We attempted to use the DirectorySearcher object in Microsoft .NET to access Person data in our Domino (6.0.1) LDAP Directory. The DirectorySearcher object uses ADSI to access the LDAP directory. The result was that we could see the “standard” LDAP attributes (those inherited from X500 days) in our directory, but not any of the newer and additional attributes. The “invisible” attributes included the attributes introduced in the inetOrgPerson object class as well as our own custom attributes.
The reason for this seems to be that the default Domino schema includes invalid object classes and attributes. We solved the problem by removing them from the Domino Directory, and now ADSI can access all the desired attributes correctly.
This posting is to share our experience in case you have the same problem, and also to point out to IBM/Lotus that they are populating their schema with invalid items.
The offending objectClasses and attributeTypes are the ones with $ (dollar) characters in their OID. This contravenes RFC2252. The relevant sections in RFC2252 are as follows: Section 4.1 defines permitted characters for different purposes. 4.2 defines the syntax for Attribute Types. 4.4 defines the syntax for Object Classes. In fact my reading of these paragraphs is that the Domino schema contravenes more than just the dollar signs in OIDs, but I only had to remove those for ADSI to work, so that’s all I did.
This is the Microsoft article that describes how ADSI attempts to read the subschemaSubentry of an LDAP version 3 directory and treats it as a version 2 directory if there are schema errors: Microsoft Support
In diagnosing the problem, I was helped by the excellent free LDAP browser from Softerra, http://www.softerra.com which also caches the subschemaSubentry, and reports errors. The errors it reported were just the items that had a dollar in their OID, which made the error easy to identify.

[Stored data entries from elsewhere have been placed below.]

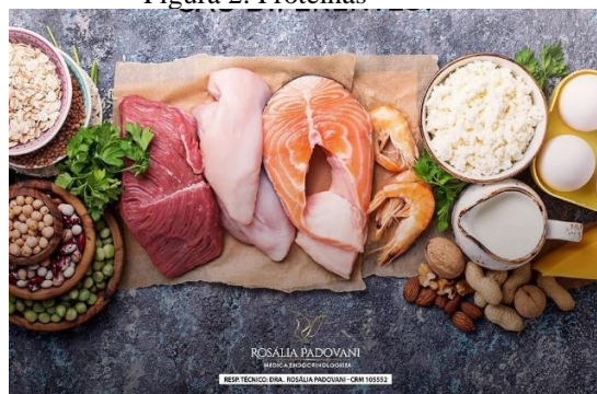
Figura 2: Proteínas
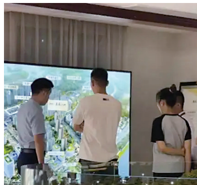
市民在美心·美岸江山项目看房
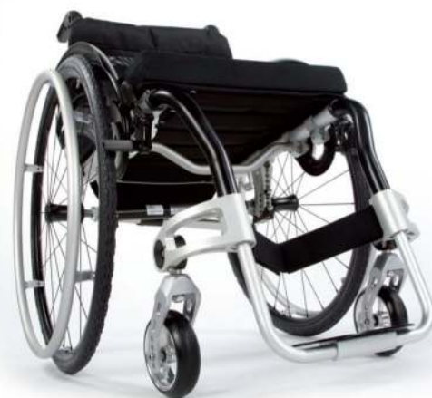
Fiksen aktivni invalidski voziček BLIZZARD
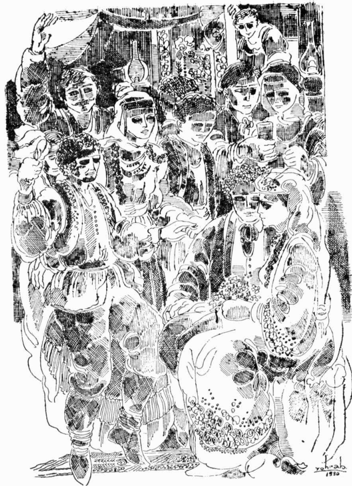
Ոսկի՛ Գրիգոր, ոսկեղէ՛ն օր։

Սակայն օրուան ամէնէն յուզիչ երեւոյթը այս չէր, այլ՝ Գրիգորի մէկ ագնիւ մտածումը։ Նա հաւաքել տուած էր գիւղին բոլոր աղքատները, Հայ թէ սուրիացի, եւ անոնց բաժնած էր կերակուրէ զատ զգեստ ու զրամ։
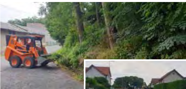
Úprava příkopů - pod Zahradnictvím

The offending items were from the Domino Directory, as follows:
2 Object classes generated from Forms:
$$ReturnGeneralError
$$SearchTemplateDefault
54 Attribute Types generated from Fields in the Forms with alias names:
PolicyArchive
PolicyDesktop
PolicyRegistration
PolicySecurity
PolicySetup
First of all I tried to find what it is that gets these forms included in the LDAP schema, so that I could make them excluded. But they don’t conform to the instructions in Admin Help for extending the schema, so they are either special in some secret way, or the instructions don’t say what it is that really includes or excludes a form from the schema. (The third form that starts $$ is $$ViewTemplateDefault, which is not included in the schema - so how is it different from the two I listed above?)
Having failed to find out how to exclude the forms from the schema, I simply removed them from the Directory Database design. We are using this particular directory purely as an LDAP directory, and not using web access (that might need the $$* forms), and not using Policies, and so there have not been any problems so far – but I’m sure this could compromise our support with IBM.

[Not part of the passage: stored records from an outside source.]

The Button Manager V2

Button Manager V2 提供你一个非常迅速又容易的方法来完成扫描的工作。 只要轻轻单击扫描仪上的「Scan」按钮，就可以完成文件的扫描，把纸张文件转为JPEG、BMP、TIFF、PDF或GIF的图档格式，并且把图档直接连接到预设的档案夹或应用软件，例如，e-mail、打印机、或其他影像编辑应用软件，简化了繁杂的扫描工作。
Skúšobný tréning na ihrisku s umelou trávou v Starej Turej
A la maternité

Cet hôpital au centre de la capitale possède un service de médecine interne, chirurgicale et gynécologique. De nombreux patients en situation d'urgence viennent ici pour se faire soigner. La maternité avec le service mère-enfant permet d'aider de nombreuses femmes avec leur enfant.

I think another way could be to enter each of the non-conforming items into the lschema.ldif file, with OIDs that don’t have a dollar. The Admin Help says that the schema daemon gives items from that file priority over items from the Directory. But you’re not supposed to change that file either, and there are 54 invalid attributeTypes to over-ride.
If you do decide to remove forms from your Directory, remember you need to do it from the Administration Server of the Directory. This is because the Schema Daemon always loads the schema from the directory on the Administration Server and not the directory on actual server(s) running LDAP (if different).